It’s a mostly spoiler-free review for a movie whose best qualities you could not spoil and whose worse you would rather forget.
Right out of the gate: Venom is a bad movie. It is, also, a pretty fun viewing experience, assuming one arrives in the right mood.
Like its protagonist the movie suffers from a very severe case of split personality: Sony Studious obviously believe they are making a serious attempt at universe-making blockbuster – what with the long special-effect-laden slugfests and skirting-but-never-crossing the edge of PG-13 violence; director Ruben Fleischer (of Zombieland fame) tries to aim at hardcore action comedy in the vain of Deadpool; composer Ludwig Göransson thinks this is a serious horror feature; and main thespian Tom Hardy… He seems to think he is Nicholas Cage playing at being the Ghost Rider once more. He is utter delight here and I would here no words against him.
Hardy plays San-Francisco based journalist Eddie Brock who abuses his lawyer girlfriend (Michelle Williams) access to the files of evil billionaire-scientist Carlton Drake (Riz Ahmed, as subtle as Snidely Whiplash). This trick causes them both to be fired from their respective jobs and turns Eddie into a wreck – exactly the right host for one of several alien beings who crashed to Earth on one of Drake’s rockets. The being who calls itself Venom is a violent monster who is hungry all the time, with specific preference for human flesh (so he says, though in actuality Hannibal Lecter would be mighty disappointed from the amount of human consumption therein); but he seems to like Eddie well enough, so much that he goes against his natural predilection and the two team up to save the world.
Also involved: Jenny Slate as Doctor Skirth, one of Drake’s scientists who finally notices her boss is a bad guy; Reid Scott as Dan Lewis, the Cyclops to Eddie Brock’s Wolverine and a bunch of nameless henchpeople.
Venom costs one hundred million dollars and came out in 2018, both facts seem hard to believe considering both quality of the special effects (sparse, especially when the Symbiotes crawl around hostless like they were cropped from a PlayStation cut-scene) and the sense of design which seems to have been transplanted directly from the nineties. This is a movie that seems to have missed the last decade and half of comics-inspired movie making, with a look that seems stuck somewhere between Batman and Robin and Spawn: Jenny Slate’s Doctor Skirth wears a lab-coat and big round nerd glasses hoping to remind us that she is a scientist, Eddie Brock is dressed as if Tom Hardy simply walked off from the trailer to set and the endless establishing shots to the bad guys lab headquarters would make a fine drinking game.
The one concession to the 2000’s is the final fight – a CGI mish-mash which features our veiny and over-muscled protagonist fighting against something that looks like a bigger and meaner version of himself. Yep – exactly like The Incredible Hulk and two out of three Iron Man movies. It’s all horribly shot and chopped in editing, so trying to figure out whose limbs are turning into sharp objects at any moment might prove tricky.
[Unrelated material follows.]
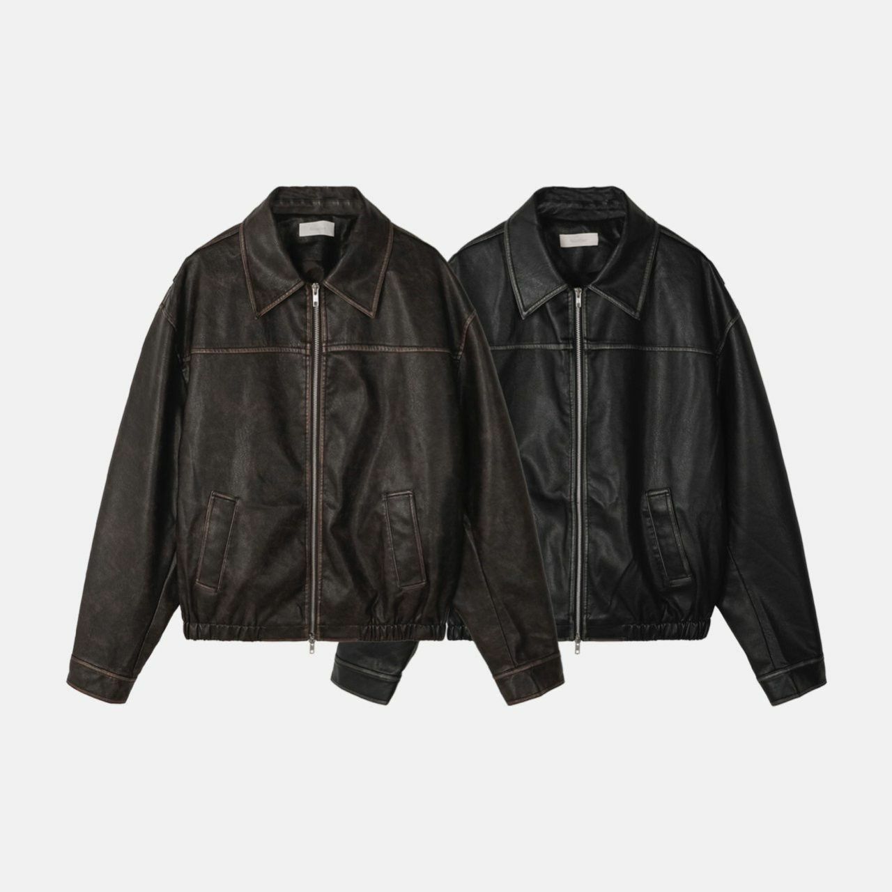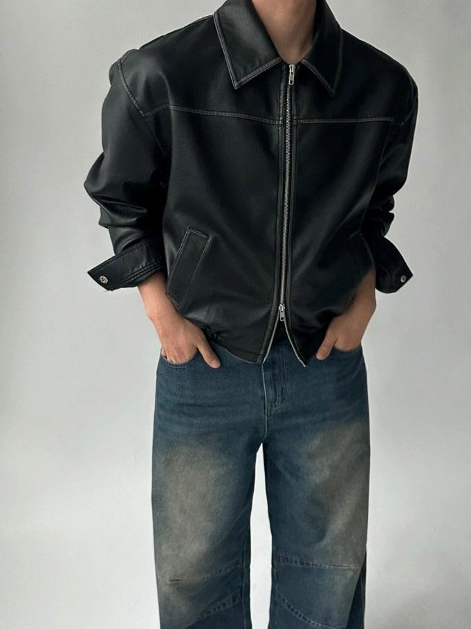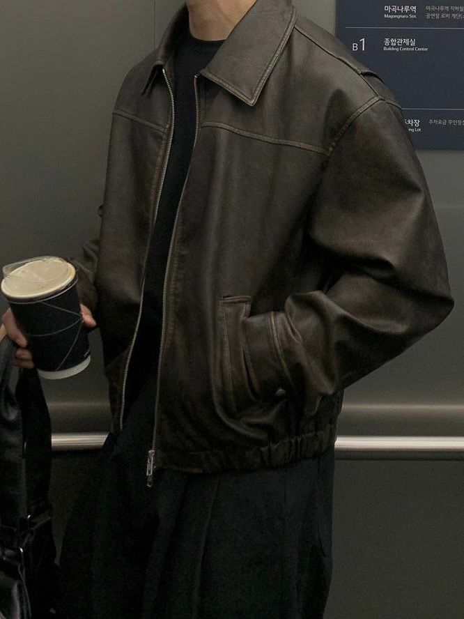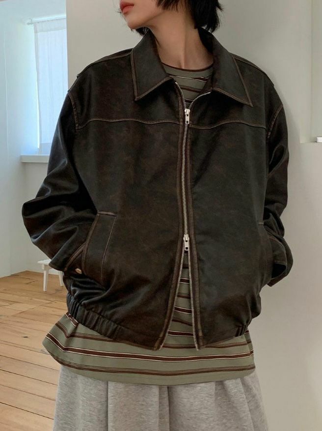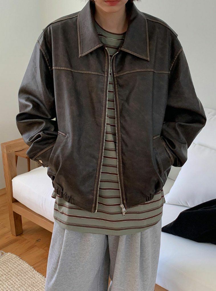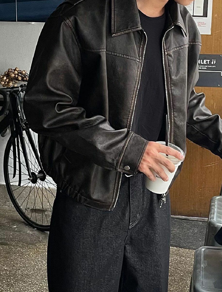洗水反領拉鍊合成皮褸 JK2560

I know some people believed the project was doomed from the get-go, what is Venom without Spider-Man? But I think good talent overwhelms bad ideas. Not only we had several perfectly decent Venom stories throughout the years, we also got Leigh Whannell’s film Upgrade, it came out earlier this year, which played mostly the same plot (a man with a voice in his head the pushes towards greater violence while enhancing his body) with much better results. If Venom fails it is because the creators failed.
And yet… I had a good time. I laughed, I laughed so bad that I almost cried (and I was far from alone). This is a movie that cries for new publicity campaign that would sell it as the ridiculous romp it is. Tom Hardy apparently compared the Eddie / Venom relations to Ren & Stimpy; and I am here to tell you he is absolutely right. Venom really wants the best for Eddie, only his idea of ‘best’ involved more bloodshed than often desired in polite company. Eddie himself starts out with a weird accent that seems to be the lowest form of an Englishman playing American but quickly finds him pitch a miserable loser who can’t do anything right. It takes a lot of effort to turn charismatic and almost super-humanly handsome Hardy into the kind of guy you’d shake your head at – but by god they did it!
The funniest moments in the film involve just Hardy playing against himself and dialing up the crazy – eating trash, jumping into a lobster tank and making dinner plans. Even the infamously bad “turd in the wind” scene from the trailer gets a new context in the film: Brock is not a nineties tough guy making puns, he is a pathetic dude who tries to play up the tough guy act to hide how lost he is. This is movie about losers, and in them it found whatever winning edge it has.